“This is our sixth property. We’ve opened one hotel per year for the past six years and trading has never been better,” Marc Wachsberger, managing director of EAH told CNBC Africa in an interview.
The hotel, 177 Empire Place, is situated next to Sandton City and will be fully operational in the first quarter of 2014. It comprises of 126 hotel and apartment rooms. The apartments are made up of three bedrooms, which can be divided into separate rooms.
Wachsberger explained that the strategy of constructing an apartment hotel was implemented in a way so that if the market took a slide, EAH will have the option to sell the building to the residential market.

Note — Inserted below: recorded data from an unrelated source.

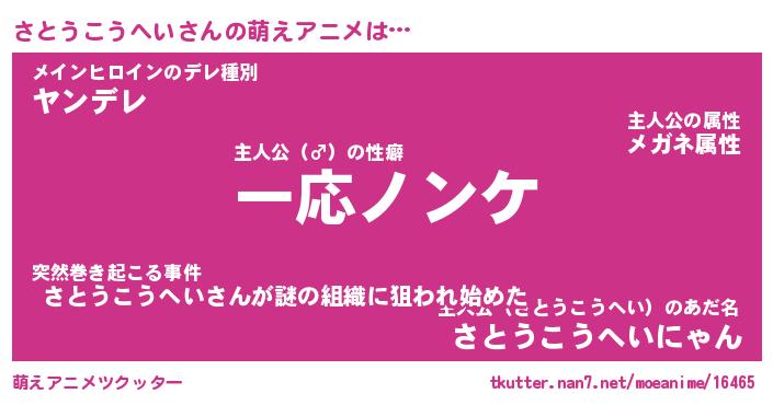 | 女子向けラノベタイトル風あだ名 | 『誰かこのさとうこうへいを説明してください! ~契約から始まるウェディング~』 |
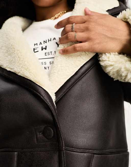 ASOS DESIGN Petite faux suede car coat in chocolate Very well made.
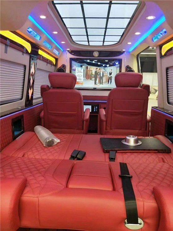 福特全顺作为一款经典的货车其性价比和实用性一直被广大全顺粉丝认可,也有很多人用福特全顺来改装房车和商务车,今天分享几组福特全顺的商务版改装案例,从高档到经济型都有,总有一款适合你。款红色案例也算是比较豪华的改装方案了,同样的隔断吧台升降电视,吊顶、沙发床、航空座椅应有尽有
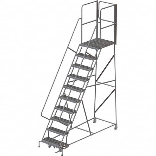 Rolling & Wall Mounted Ladders & Platforms; Type: Rolling Warehouse Ladder ; Style: Rolling Platform Ladder ; Number of Steps / Rungs: 10 ; Height (Inch): 142 ; Load Capacity (Lb.): 450 ; Base Width (Inch): 35
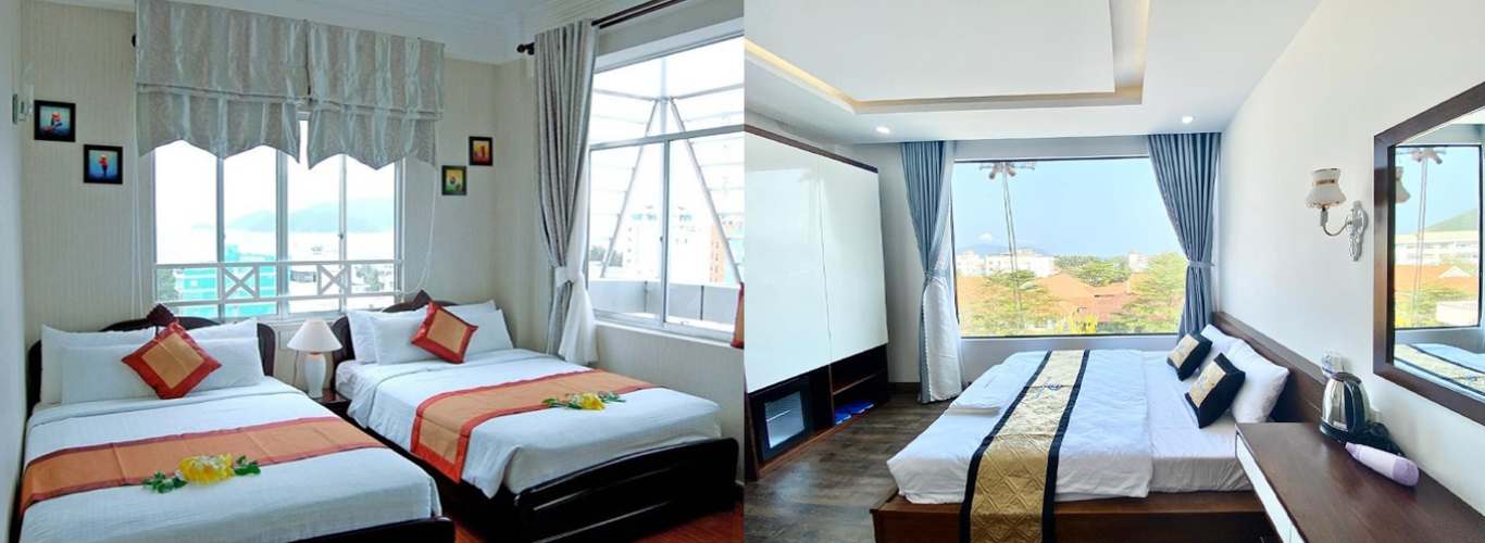 Phòng với diện tích khoảng 15m2 - 20m2 hướng thành phố, được trang bị các trang thiết bị tiện nghi như điều hòa nhiệt độ, internet tv, điện thoại , tủ lạnh mini ...v.v

“We actually made the call a year and a half ago to construct this hotel. We could see the market was turning and we also designed it to have a residential component, it’s an apartment hotel which means if we ever got it wrong, we could always sell it off to the residential market sectional title,” he said.

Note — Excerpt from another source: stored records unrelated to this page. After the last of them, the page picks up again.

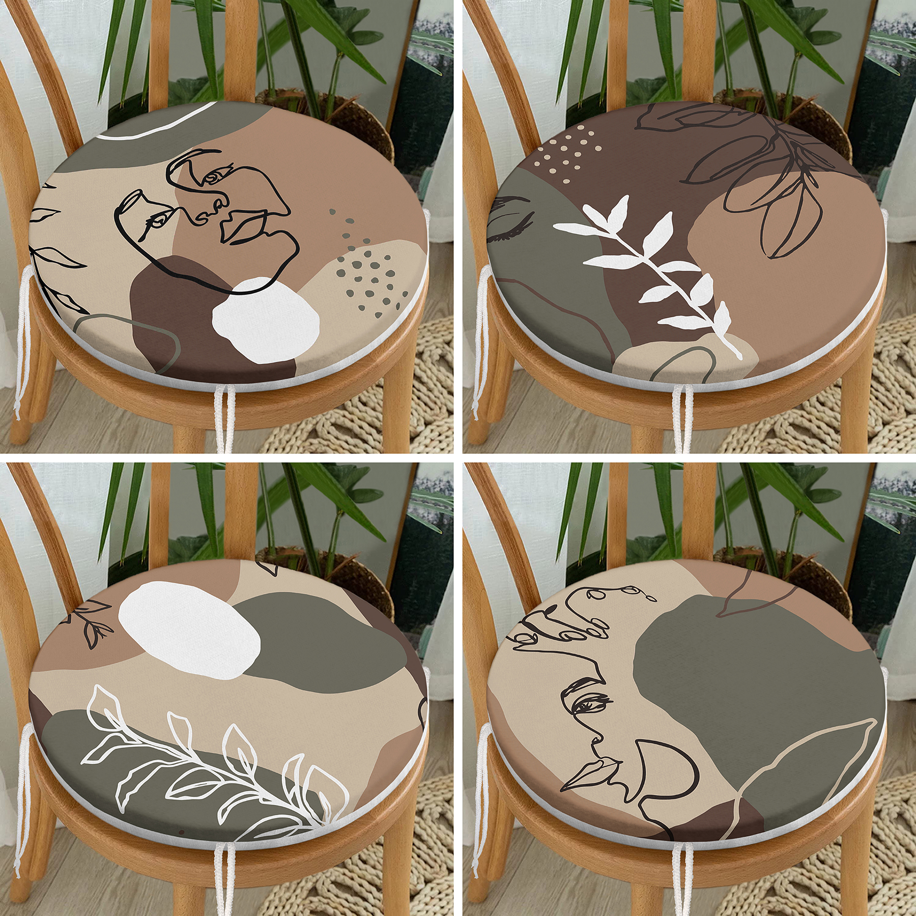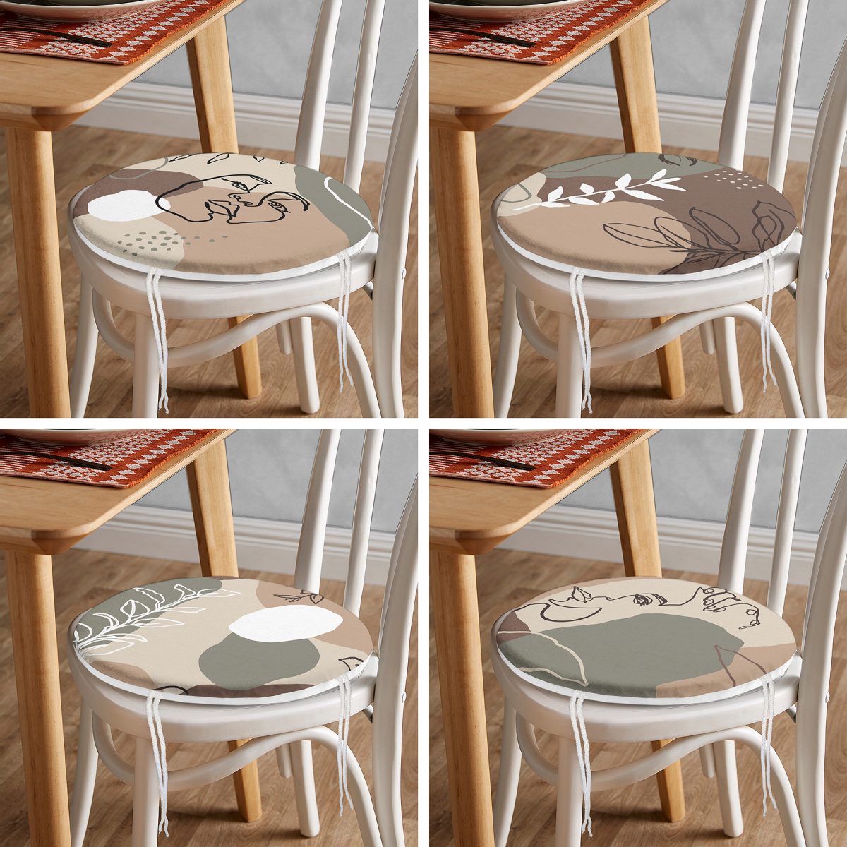 4'lü Portre Tasarımlı Dekoratif Yuvarlak Fermuarlı Sandalye Minderi Seti Realhomes
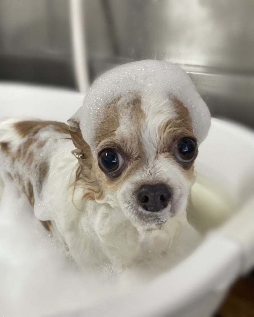 2025.10.11 ブログ ここあちゃん チワワのここあちゃん。 こんにちは(^^)/ 今回のオーダーは、シャンプーコースでした。 ママさん。と仲良~くご来店いただけたここあちゃん。😍😍😍 担当STAFFと今日も仲良~く進めていました~。✨✨✨ 楽しかったね~。トリミング。🎵🎵🎵 シャンプーコースでここあちゃん。さ~っぱりしました。ヾ(≧▽≦*)o ここあちゃん。ありがとうございました。( *´艸`)
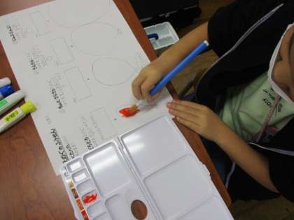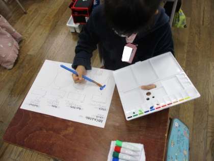 バケツの使い方や絵の具と水の混ぜ方を覚え、線からはみ出さないように取り組みました。

“It’s not looking like that’s the case, but that market is also looking very strong as well.”
Each room, which cost around 1 million rand to construct, will most likely be booked by corporate companies.
Wachsberger stated that since South Africa suffers from a skills shortage, many corporate companies such as banks and telecommunications employ international experts on a part time basis to up skill their businesses.
“Our customers are mostly corporate companies that are bringing in international travellers,” he added.
“We have a skills shortage, a brain drain in this country. A lot of the skills aren’t there and we have to import the skills so we have to then accommodate and house them.”
He added that due to tight corporate budgets, their hotel room rates remain competitive compared to average hotels as they keep in line with the low cost airline model, as well as cut out some unnecessary services that you usually get at other hotels.
“The rates are more competitive than the average hotel, because we try to keep it almost in line with low cost airline model. We cut out a lot of the frills and unnecessariness that you would get at a hotel,” explained Wachsberger.
“Corporates today have serious budgets. We know what those budgets are and we tailor make our property rates to make sure we get a rate that are within corporate budgets.”